Mit Aktionen in Hamburg und anderen Städten wiesen am Samstag zahlreiche Gruppen auf ein verdrängtes Kapitel deutscher Geschichte hin: Die „Arisierung“ der Hotelkette der jüdischen Familie Kempinski durch die Nazis und die Selbstverständlichkeit, mit der die Geschäftsleitung 1977 wieder den traditionsreichen Namen Kempinski annahm. Der schmückt seitdem die Hotelkette der Hotel-AG, zu der in Hamburg auch das Atlantic an der Alster zählt. Unerwähnt bleibt dabei bis heute die Ermordung der Familie in Konzentrationslagern.

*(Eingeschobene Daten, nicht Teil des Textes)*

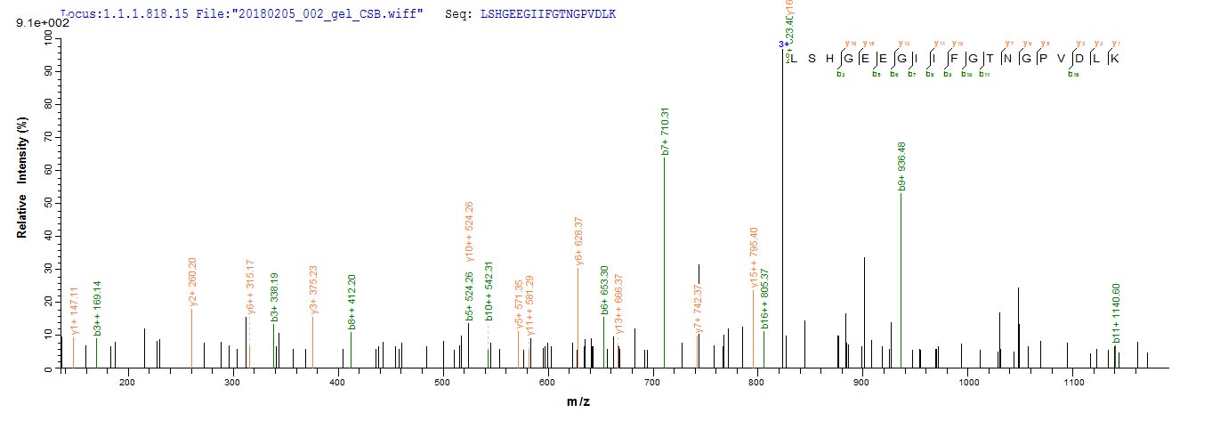 Based on the SEQUEST from database of E.coli host and target protein, the LC-MS/MS Analysis result of this product could indicate that this peptide derived from E.coli-expressed Homo sapiens (Human) CASP3.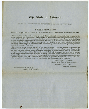 A joint Resolution relative to reduction of postage on news papers & periodicals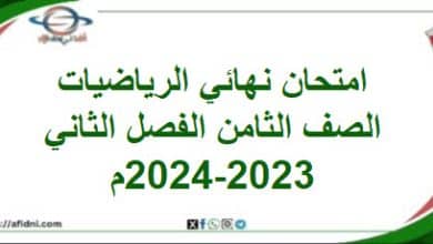امتحان نهائي الرياضيات الصف الثامن الفصل الثاني 2023-2024م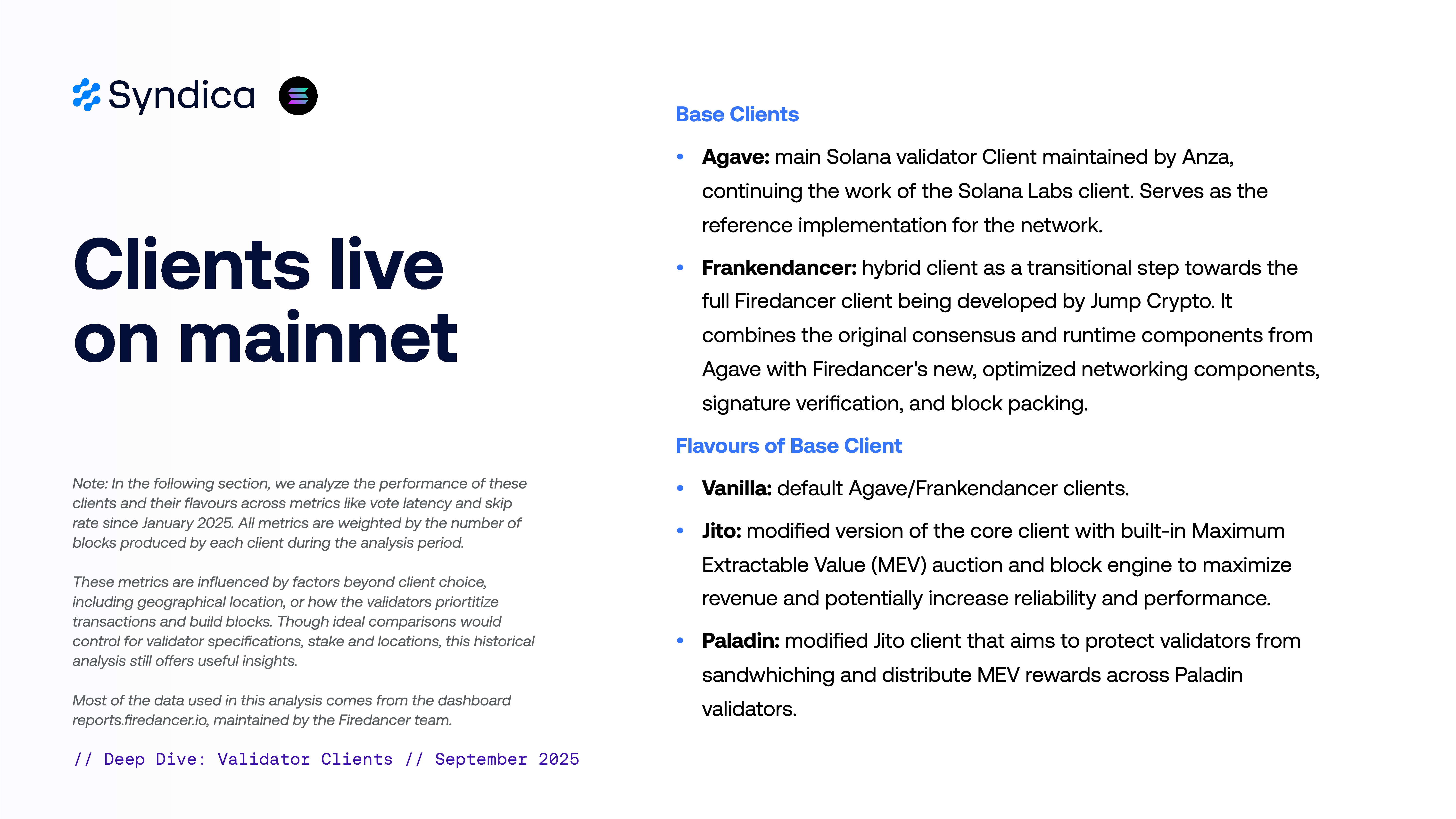 这表明 Frankendancer 提供了一个基线优势,但使用任何客户端的卓越验证者都可以表现出色。
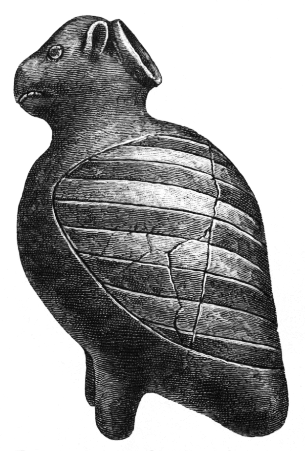 The owl was a favorite subject with the potter, probably on account of the upright, compact figure of the body, or possibly because of some especial regard in which this bird was held.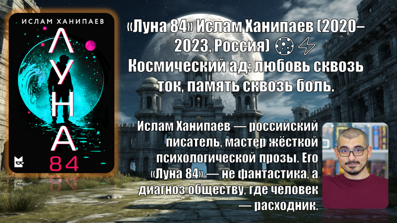 Хочу поделиться впечатлениями о трилогии «Луна 84» Ислама Ханипаева. Это необычная антиутопия — жёсткая, цепкая и без прикрас. Если любите истории, где герои не супергерои, а обычные люди (иногда даже неприятные), и где сюжет бьёт по нервам — вам сюда. Это не просто антиутопия — это удар под дых. Книга, которая не даёт спрятаться за красивыми метафорами, а сталкивает лицом к лицу с вопросом: «Сколько человеческого в нас останется, когда система решит его выжечь?» 2084 год. Хакер Дэниел Стоун — не герой, а циник с острым умом — попадает в «Мункейдж», лунную тюрьму для «неисправимых». Здесь нет права на ошибку: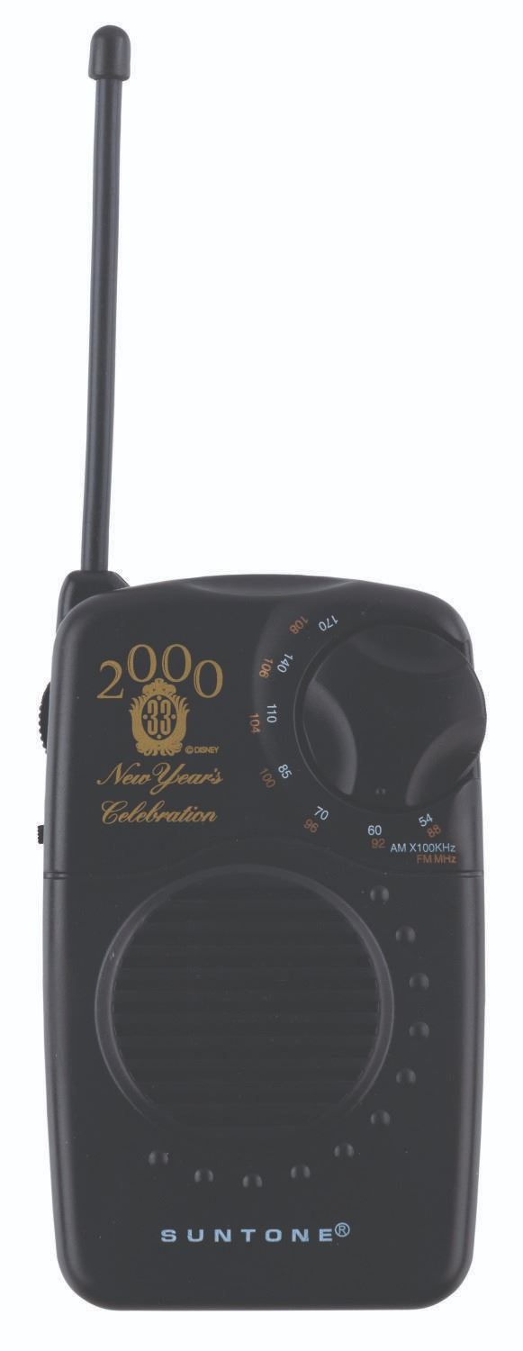 (Disneyland, 2000) A Club 33 transistor radio from Disneyland’s 2000 New Year’s Celebration. In preparation for Y2K and the night's grand celebrations, Guests carried transistor radios around the Park to tune into special broadcasts of music, announcements, and the Millennium Celebration Fireworks. Powered by two “AA” batteries (not included), the radio did not work when tested and likely needs servicing to function. Measuring 4” x 1” x 8”, the radio displays in fine condition.

Mitglieder der Hamburger Kempinski-Initiative versammelten sich am Sonnabend vor dem Atlantic, um den Wunsch eines der überlebenden Verwandten, Fritz Teppich, in die Realität umzusetzen. Der kämpft seit Jahren dafür, daß der Name wieder geändert und mit Gedenktafeln an das Schicksal der füheren Inhaber der Hotels erinnert wird. Doch auch der Bombenanschlag auf die Lübecker Synagoge hatte offensichtlich bei den Hotelbediensteten keine Sensibilität für dieses deutsche Thema geweckt: Denn der Anblick des Transparents vor dem Portal ließ die herbeigeeilten Angestellten ihre gutes Benehmen vergessen.

„Ich hau dir eins in die Fresse“, eröffnete einer der Bediensteten die Diskussion. Ein anderer wollte von der Historie lieber gänzlich ablenken und mäkelte statt dessen: „Ihr hättet ja wohl fragen können, ob ihr das hier dürft.“ Hotelgäste und Passanten zeigten sich indes zunehmend bereitwilliger, sich mit der Lektüre der DemonstrantInnen auseinanderzusetzen. Sie erfuhren dadurch, daß der Finanzdirektor der Hotelbetrieb-AG, Paul Spethmann, 1937 von den Nazis zum Diektor des arisierten Unternehmens ernannt wurde. Die AG wurde zwar nach Kriegsende in Ostberlin wegen Kriegsverbrechen enteignet, Spethmann wurde aber 1952 erneut zum Vorsitzenden der noch in Westberlin arbeitenden Hotelbetriebs-AG berufen. Nach Spethmanns Tod wurde die Kette wieder in Kempinski umgetauft.

Zum Studium dieser Fakten ließen sich die Hotelmitarbeiter schließlich doch hernieder. Nicht ohne zuvor noch mit dem Ruf nach uniformierten Ordnungshütern zu drohen.